Site-directed Mutagenesis - (Jun/28/2006 )
ThX! phage. I C.
This are the conditions I use:
Reagents amount
10x HF-Buffer 5 µl
25mMdNTP 1µl
for-Primer (125 ng/µl) 1 µl (125 ng)
rev-Primer (125 ng/µl) 1 µl (125 ng)
PfuUltra-Polymerase 1 µl (2,5U)
dH20 40,5 µl
DNA (100 ng/ µl) 0,5 µl (50 ng)
final volume DNA included 50 µl
Temperature Time
1 Denaturation 95°C 30s
2 (18cycles) Denaturation 95°C 30s
Annealing 55°C 1 min
Elongation 68°C 14min (2min/Kb plasmid)
3 Cooling 4°C
Hi dnafactory,
Would this condition works with large plasmids as well? I'm working with 14 kb and got no colony from Stratagene, QuikChange II XL SDM kit. Any tips for the big plasmids? Do you usually see the band after PCR? Do you have to concentrate the DNA after DpnI digestion? If not how much do you use for transformation?
Thank you!
HI there,
I'm using this kit right now and it works with me almost witth 100% efficiency. All the colonies I sequenced carried the mutation desired. I usually get around 100 colonies from 250 ul on the plate.
I use 20 ng of plasmid and it works fine.
what about your primers? how is the Tm? and length?
I usually use 34mer primers HPLC purified and I follow the instructions exactly.
I used the kit with more than 12 plasmid and they worked perfectly.
need anything let me know
good luck
I would recomend reading the following article:
http://www.ncbi.nlm.nih.gov/entrez/query.f...l=pubmed_docsum
the change in primerdesing is only small, but has great effect. Up to now I had success with this methode in 100% of experiments.
If quikchange is not working for you, I would try SLIM PCR.
Here is a good article:
http://nar.oxfordjournals.org/cgi/content/full/32/21/e174
The only alteration I make is that I perform the two overlapping regions in separate tubes to maximize proper heterodimerization formation on the second step.
Generally I use quikchange first, but SLIM PCR is probably more efficient (although it requires more primers).
-Matt
Hi all,
I am just about to design my primers for my 1st mutation with the Quick Change kit, so it's great to read you.
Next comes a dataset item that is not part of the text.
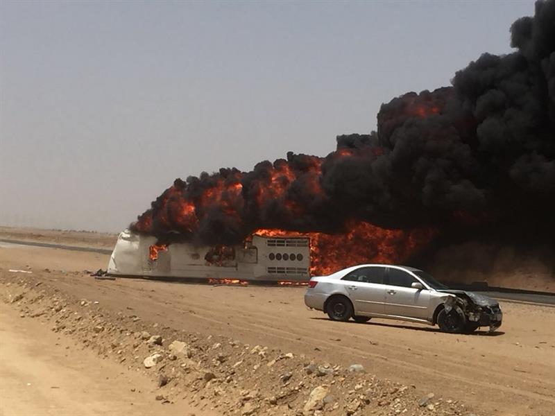 وأضافت أن التحقيقات الأولية كشفت أن الحادث وقع بعدما حاول سائق السيارة الصغيرة وهو سوداني الجنسية تجاوز الناقلة ليصطدم بمقدمة الحافلة القادمة بالاتجاه المعاكس من الطريق؛ ما تسبب في انحرافها واصطدامها بالناقلة البترولية واشتعالها.
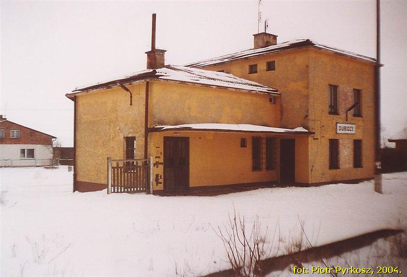 Opis ogólny: Klasyczny przykład stacji zdegradowanej do przystanku osobowego. Peron 1 jest pozbawiony toru, tak więc ruch w obu kierunkach obsługuje peron 2. (info: PixeL, 2005-03-21) Stacja składała sie z toru głównego linii jednotorowej Częstochowa Chorzew S. plus dwa tory bocznicowe (mijanki) w tym jedna z peronem oraz dwa tory bocznicowe, z których jeden używany był do rozładunku węgla itp wraz z peronem i magazynem towarowym (istnieje). Obecnie istnieje tylko jeden tor główny, na końcu stacji przy byłym zjeździe torów zdewastowany domek dróżnika z widniejąca nazwa stacji: Dubitz, elewacja budynku stacyjnego częsciowo odnowiona (nie jest już tak źle jak na zdjęciu). Stacja w obrębie gminy Dubidze ale obsługujaca gminę Strzelce Wielkie i przyległe wsie np. Marzęcice, Wola Jankowska. Woj. łódzkie powiat Pajęczno. Stacja wybudowana w latach 20-tych XX wieku, pociagi relacji: Częstochowa - Chorzew Siemkowice - osobowe kl.2 jeden skład, kursuja codziennie. Budynek stacji = budynek mieszkalny, obok "wc" wolnostojace murowane częsciowo zdewastowane. (info: Wrona Paweł) |

I am planning to use 31 nt inserts (Tm sounds alright). Do you think that it's necessary to use purified (HPLC or PAGE) primers?
Thanks.
According to Stratagene you have to expect a 25% decrease in efficiency when using non-purified primers, so I used standard desalted PCR primers (they were much cheaper) and I got no problems, I got plenty of colonies and most of them carrying the desired mutation.
hi
I have been trying to do SDM for last one week.Problem is , I am not getting colonies after transformation except for one mutated plasmid. I am confused. what can be the possible cause?
no mutation( I saw bands after gel run)
bad transformation ( I used calcl2 treated competent cells)
I used pfu ultra( some say, turbo would be better!!)
I am doing loop mutations
I used almost 20 unit DpNI for digestion.
Can you please help me????
cheers
Deuti
I've used PfuUltra for SDM and it worked like a charm, so I doubt that would be the problem.
What do you mean with "one mutated plasmid"? Is it a plasmid with your desired mutation, or with an extra mutation elsewhere or only with a mutation elsewhere?
Something that has worked for me doing SDM on quite large plasmid was to do the PCR and the digestion (more DpnI and 2 hours longer than stratagene's protocol, just to make sure), then purify it (column based, elution in 50 µl of water) and I vacuümed up my reaction to about 20 µl, then ligated it (about 10 µl of the eluate in a 20 µl reaction) transformed 5 µl of it, got a lot of colony's... (transforming Dh5alpha, no special bacteria whatsoever)
What worked for me was the PCR with 68°C 2min/kb plasmid, purify and take up in amount of water needed for standard 20µl digest, then stop reaction and purify and then transform 2-6 µl (out of 50µl). With this I got nice colonies on my plates. All other attempts just failed.